Der kriminelle Großboss Masakana 'Kane' Kaneshiro [ Pat Morita ] hat es wegen geschäftsschädigender Einmischungen der L.E.T.H.A.L. - Truppe allen voran auf deren Agentinnen Donna Hamilton [ Dona Speir ] und Nicole Justin [ Roberta Vasquez ] abgesehen, auf die er insgesamt sechs Killerduos ansetzt, die beiden Damen aber vorher auch von seinen Vorhaben informiert. Während Kane sich mit seiner Mätresse Silk [ Carolyn Liu ] zu einem längeren Schäferstündchen zurückzieht, dabei allerdings den Vorgang des 'Spieles' immer am Computer überwachen ist, nehmen die beiden Mädels die Hilfe ihrer Kollegen Shane Abilene [ Michael J. Shane ], Lucas [ William Bumiller ], Atlanta Lee [ Pandora Peaks ], Edy Stark [ Cynthia Brimhall ], Captain Bruce Christian [ Bruce Penhall ] und des neu abgestellten Colonel Richard 'Rico' Estevez [ Erik Estrada ] in Anspruch.

"So this challenge, this game, is to satisfy your sense of honour?"
"My sense of humor."
Offensichtlich hat man sich bei den ganzen anderen Filmen über Menschenjagden zu Beginn der Neunziger inspirieren lassen, basierend auf der Quelle von Graf Zaroff - Genie des Bösen (1932, siehe dem Review-Klassiker) bzw. deren literarischen Text, welcher unzählig variiert werden kann und stets und ständig seine eigene Faszination besitzt. Hier angewendet auf einen Gangsterboss, der zwei Mädels als Opfer auserwählt hat und ihnen kurz vorher zur Befriedigung seiner eigenen Gelüste eben auch anständigerweise Bescheid gibt; der Film selber atmet aufgrund der mittlerweile fünf Vorgänger vom Autor, Regisseur und Produzent Sidaris schon einiges an Déjà-vu, vor allem hinsichtlich der Location, der Kleidung auch und der Umstände, sodass sich zusätzlich zu der Geschichte eine Mischung aus Alt und Neu und wie gehabt und neu adaptiert und qualitativ immer noch bestenfalls genügsam einstellt. (Kleinere Szenen wie Flugaufnahmen oder ein Start des Segelfliegers sind mittlerweile auch offenkundig stock footage aus den Vorgängern.)

Ein Luftangriff mit Hubschrauber und von dort aus manuell abgefeuerter Maschinenpistole und die Antwort in voller Fahrt aus einem Jeep, von dessen Gefährt aus erst der kleine Damenrevolver aus der Handtasche gezückt und benutzt wird und dann doch ein größeres Kaliber, eröffnet den Reigen der Actionszenen, die beim Sidaris immer mal hier und da vorhanden, aber selten so richtig beeindruckend oder gar das Adrenalin hochtreibend sind. So darf bei einer Autohatz in der Wüste vor Las Vegas mitsamt einem explodierenden Kleinwagen beiwohnen und dann ist erstmal auch wieder Ende damit; zugunsten von diversen Nackt- oder Dessousbildern, bei denen sowohl die Frauen aus dem alten Team als auch die Neuankömmlinge immer größere und prallere Brüste zu bekommen scheinen, je weiter fortgeschritten die Reihe nun ist.

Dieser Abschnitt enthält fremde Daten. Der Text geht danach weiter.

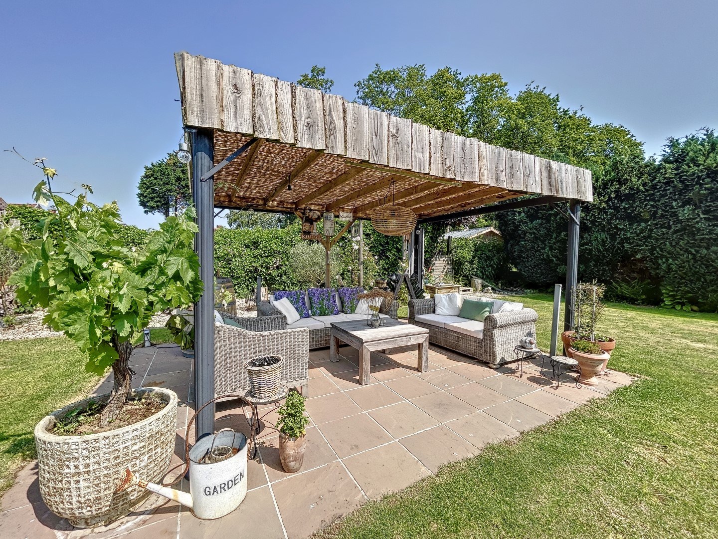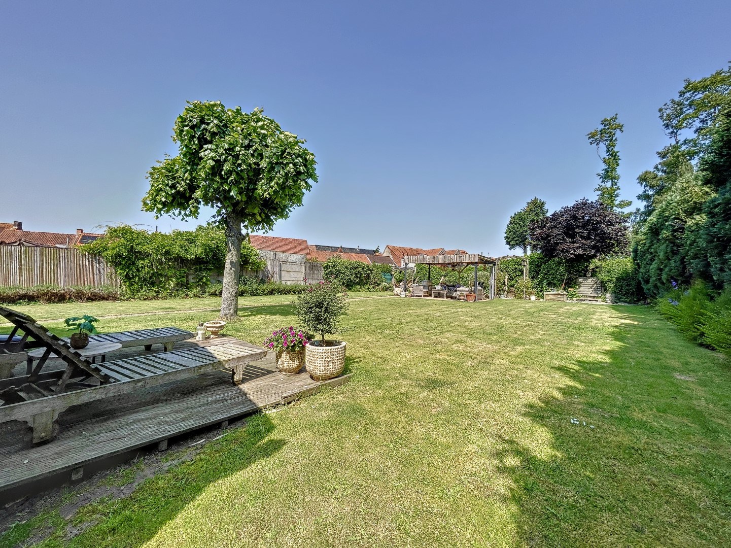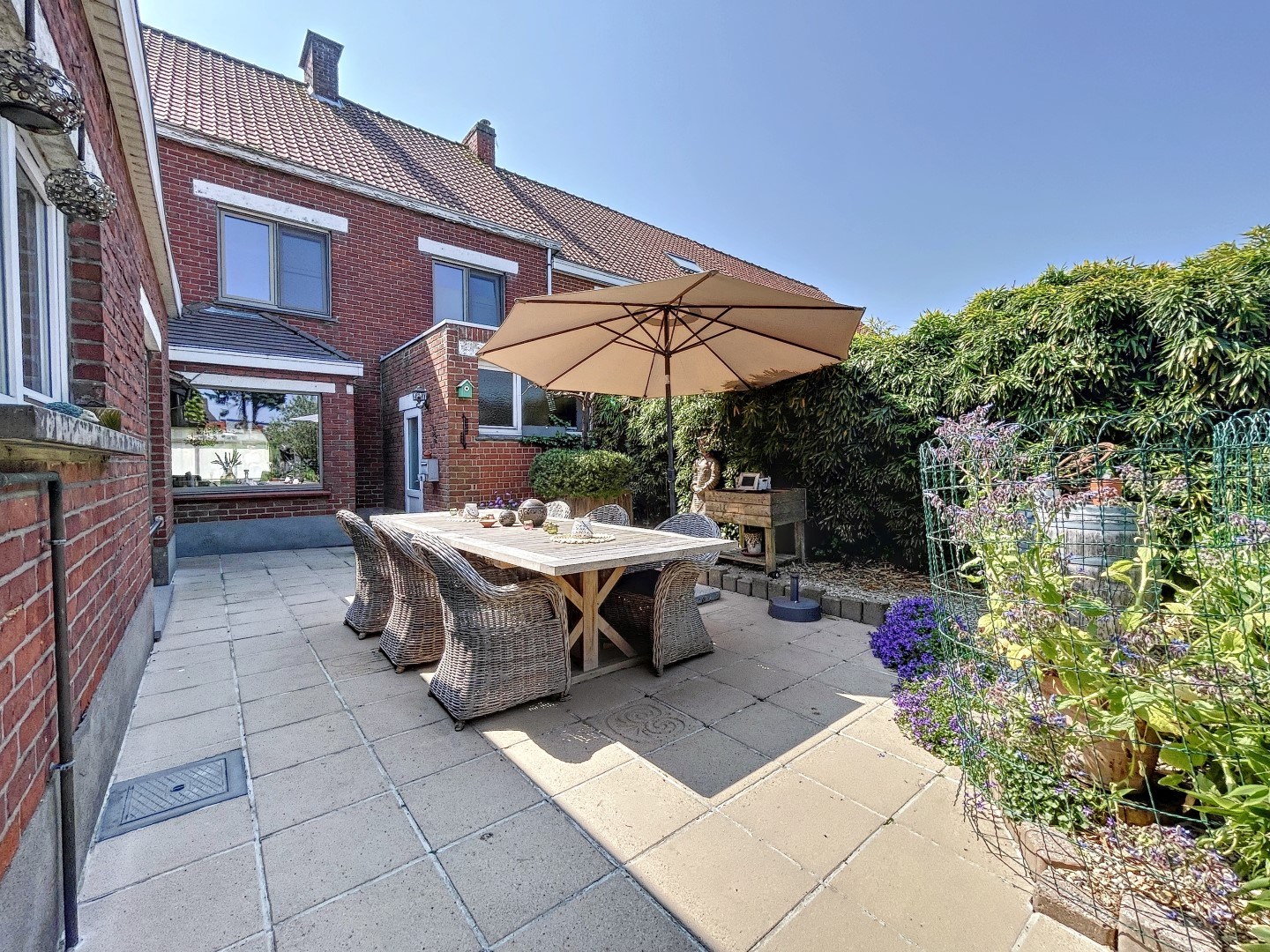 Eens u buiten bent, geniet u meteen van een oase van rust! U kan genieten op het groot zonneterras met aansluitend de zeer ruime maar onderhoudsvriendelijke tuin, een bar en een extra aangelegd overdekt terras en verschillende tuinbergingen. Tevens beschikt u aan de voorzijde van de woning over een grote privé-parking, die u ook meteen toegang biedt tot de tuin.

Ein wenig besser ist der Locationsscount hier am Arbeiten, wobei das wahrscheinlich Familie Sidaris (samt Ehefrau Arlene und Sohn Christian Drew) selber und dies am Abklappern ihrer jeweils favorisierten Orte und vielleicht auch der Urlaubsschauplätze ist; so sieht man das "Big Pines Lodge" aus Hawaii Connection - Picasso Trigger am Ufer des Caddo Lake von Uncertain, Texas hier wieder, wobei der Big Cypress Bayou etwas feuchtes Grün ins Spiel und nebst einigen Impressionen aus dem herbstlichen Louisville – und einer vergleichsweise flotten Motorradjagd durch das klamme Laub des Waldes und in die Scheiben eines Gewächshauses hinein – auch leichtes und willkommenes Country- oder gar Cajunflair in die zunehmend schwüle, aber auch öder werdende Szenerie bringt. Denn aus der Handlung ergibt sich nichts und wird dieses vermehrt mit simulierten Liebesspielen gefüllt, in dem Jeder mal mit Jede und dies oftmals bei den allerdümmsten Gelegenheiten wie einer nächtlichen Wachstunde oder beim Anschleichen im Walde zum Nackibums ran darf, selbst Mr. Miyagi wird 3x zu einer gegenseitigen Massage mit seiner 'Enkelin' und dies auch noch nackert gequält.